Your answer should be the full data, transcribed exactly, with no pictures in it.

** Dataset excerpt follows **

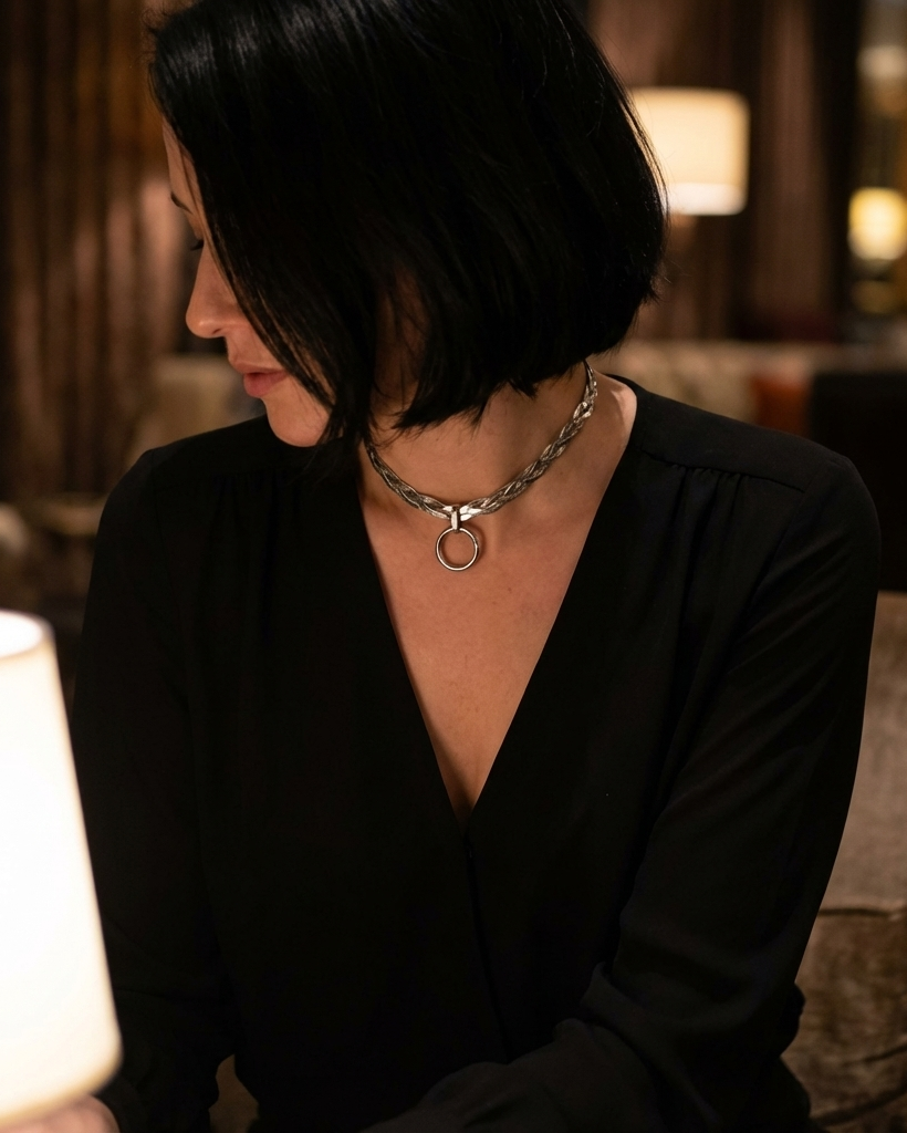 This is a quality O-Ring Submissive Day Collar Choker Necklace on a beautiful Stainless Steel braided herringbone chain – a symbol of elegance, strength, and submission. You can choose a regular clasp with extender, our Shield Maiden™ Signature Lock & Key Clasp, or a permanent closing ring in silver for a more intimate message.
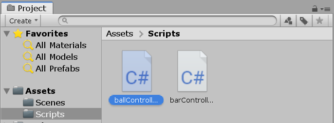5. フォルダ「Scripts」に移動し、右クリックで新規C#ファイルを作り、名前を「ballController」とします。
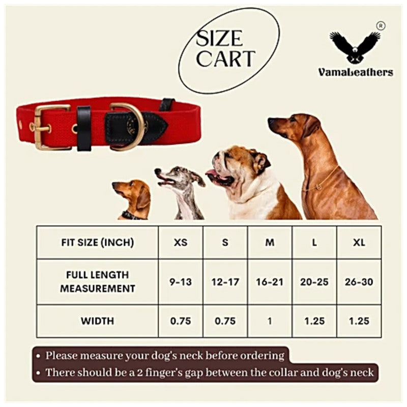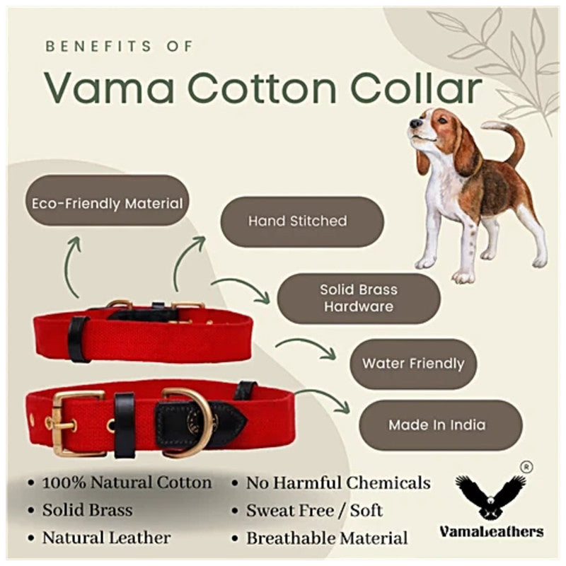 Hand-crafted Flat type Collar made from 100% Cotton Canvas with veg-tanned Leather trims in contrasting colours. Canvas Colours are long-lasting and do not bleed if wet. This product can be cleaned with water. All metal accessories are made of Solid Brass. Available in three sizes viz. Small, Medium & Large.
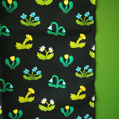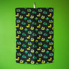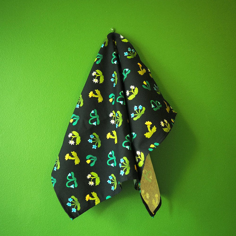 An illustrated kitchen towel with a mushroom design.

** End of Dataset excerpt **

Answer space:
 This is a quality O-Ring Submissive Day Collar Choker Necklace on a beautiful Stainless Steel braided herringbone chain – a symbol of elegance, strength, and submission. You can choose a regular clasp with extender, our Shield Maiden™ Signature Lock & Key Clasp, or a permanent closing ring in silver for a more intimate message.
5. フォルダ「Scripts」に移動し、右クリックで新規C#ファイルを作り、名前を「ballController」とします。
 Hand-crafted Flat type Collar made from 100% Cotton Canvas with veg-tanned Leather trims in contrasting colours. Canvas Colours are long-lasting and do not bleed if wet. This product can be cleaned with water. All metal accessories are made of Solid Brass. Available in three sizes viz. Small, Medium & Large.
 An illustrated kitchen towel with a mushroom design.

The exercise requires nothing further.